- _Exercise directions_:
For this exercise, write out every entry exactly and leave the pictures out.

- _Data shown_:
== == ==
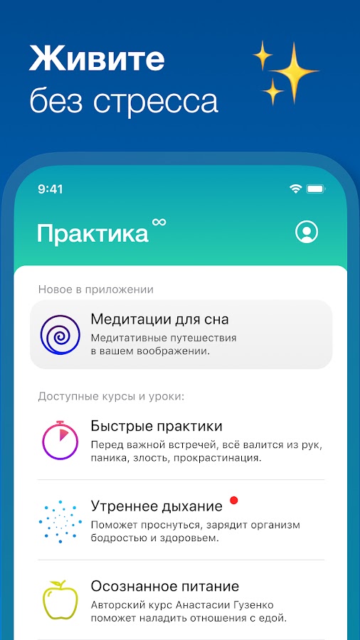 Практика — медитации на каждый день. На русском языке и без эзотерики. Расслабление, антистресс, крепкий и здоровый сон, дыхание по квадрату, осознанное питание, цифровой детокс — и много других курсов и практик в приложении. Уроки медитации от настоящих гуру своего дела!
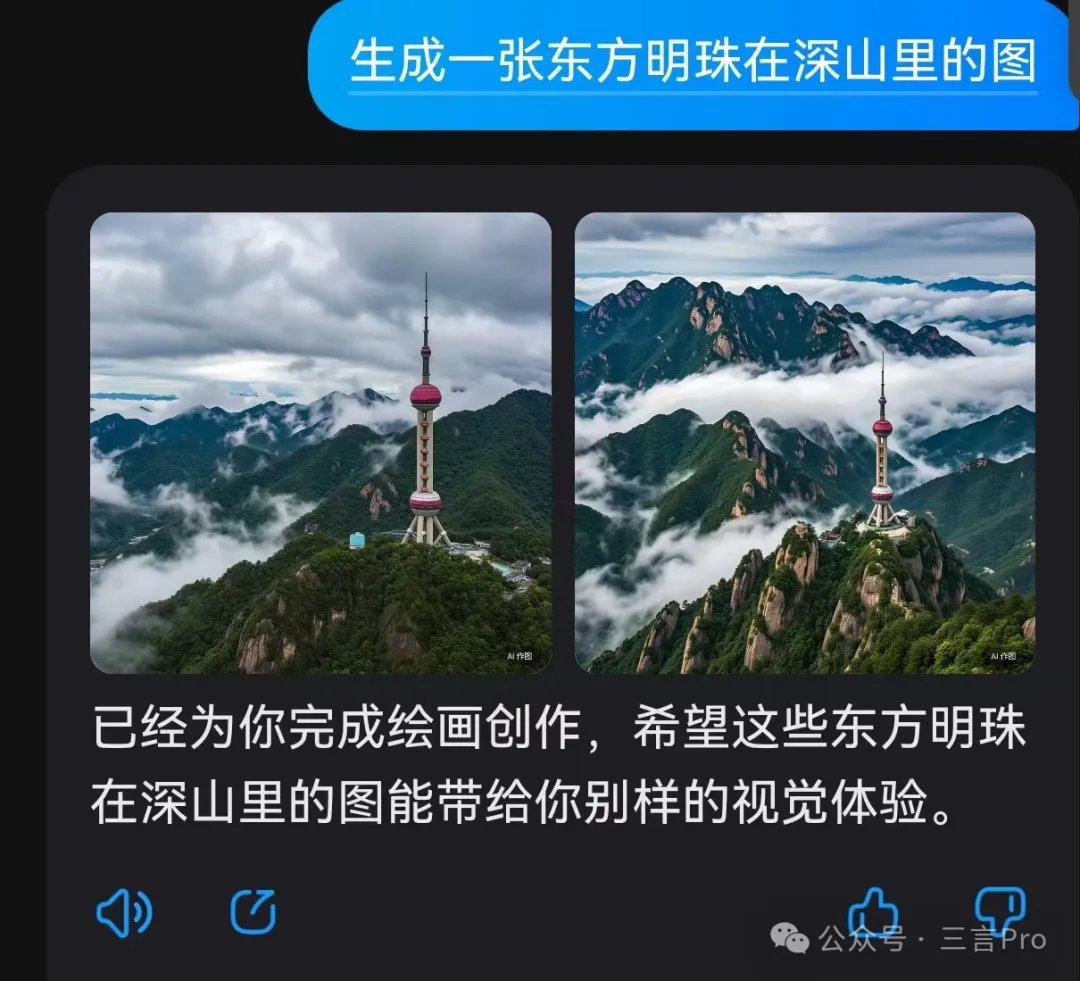 文心一言對文生圖要求比較嚴謹,不僅體現出東方明珠電視塔在深山的概念,同時也比較符合邏輯地描繪出電視塔的地基等信息。
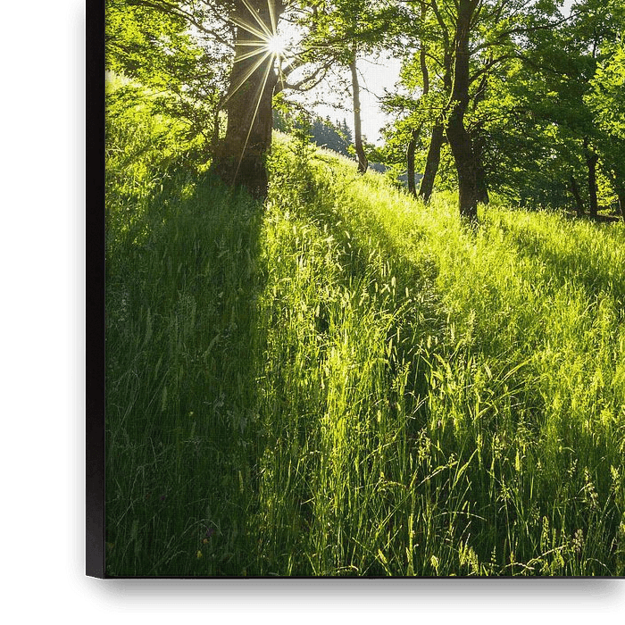 Your chosen art on canvas, stretched in an aluminum frame. Quick and easy to change for a fresh look and exactly as you want it.
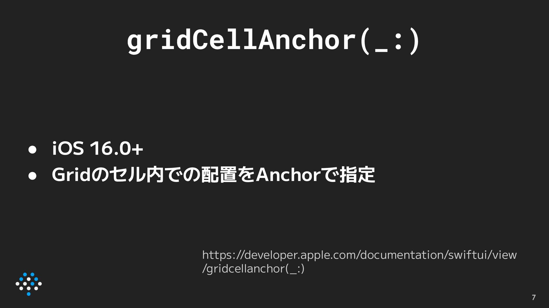 gridCellAnchor(_:) • iOS 16.0+ • Gridのセル内での配置をAnchorで指定 7 https://developer.apple.com/documentation/swiftui/view /gridcellanchor(_:)
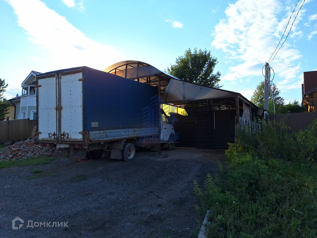 Участок 13,4 сотки.  При входе на территорию участка расположена крытая парковка на 2 машиноместа , куда может заехать одна легковая и одна грузовая машина. Дом расположен в глубине участка, удален от шума и пыли проезжей части.
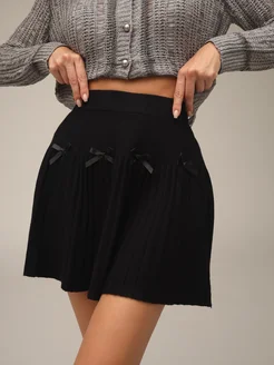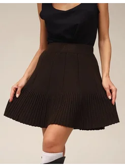 Юбка трикотажная мини клеш в складку
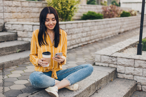 Young pretty woman with smartphone and cup of coffee sit on city street stairs
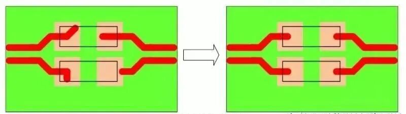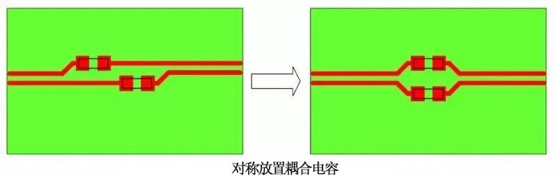 有时候,一些高速差分信号线需要串接耦合电容。该耦合电容同样需要对称布置,同时该耦合电容的封装不能过大,推荐使用 0402,0603 也可以接受,0805 以上的电容或者并排电容最好不要使用。
== == ==
- _Output of the exercise_:
 Практика — медитации на каждый день. На русском языке и без эзотерики. Расслабление, антистресс, крепкий и здоровый сон, дыхание по квадрату, осознанное питание, цифровой детокс — и много других курсов и практик в приложении. Уроки медитации от настоящих гуру своего дела!
 文心一言對文生圖要求比較嚴謹,不僅體現出東方明珠電視塔在深山的概念,同時也比較符合邏輯地描繪出電視塔的地基等信息。
 Your chosen art on canvas, stretched in an aluminum frame. Quick and easy to change for a fresh look and exactly as you want it.
 gridCellAnchor(_:) • iOS 16.0+ • Gridのセル内での配置をAnchorで指定 7 https://developer.apple.com/documentation/swiftui/view /gridcellanchor(_:)
 Участок 13,4 сотки.  При входе на территорию участка расположена крытая парковка на 2 машиноместа , куда может заехать одна легковая и одна грузовая машина. Дом расположен в глубине участка, удален от шума и пыли проезжей части.
 Юбка трикотажная мини клеш в складку
 Young pretty woman with smartphone and cup of coffee sit on city street stairs
 有时候,一些高速差分信号线需要串接耦合电容。该耦合电容同样需要对称布置,同时该耦合电容的封装不能过大,推荐使用 0402,0603 也可以接受,0805 以上的电容或者并排电容最好不要使用。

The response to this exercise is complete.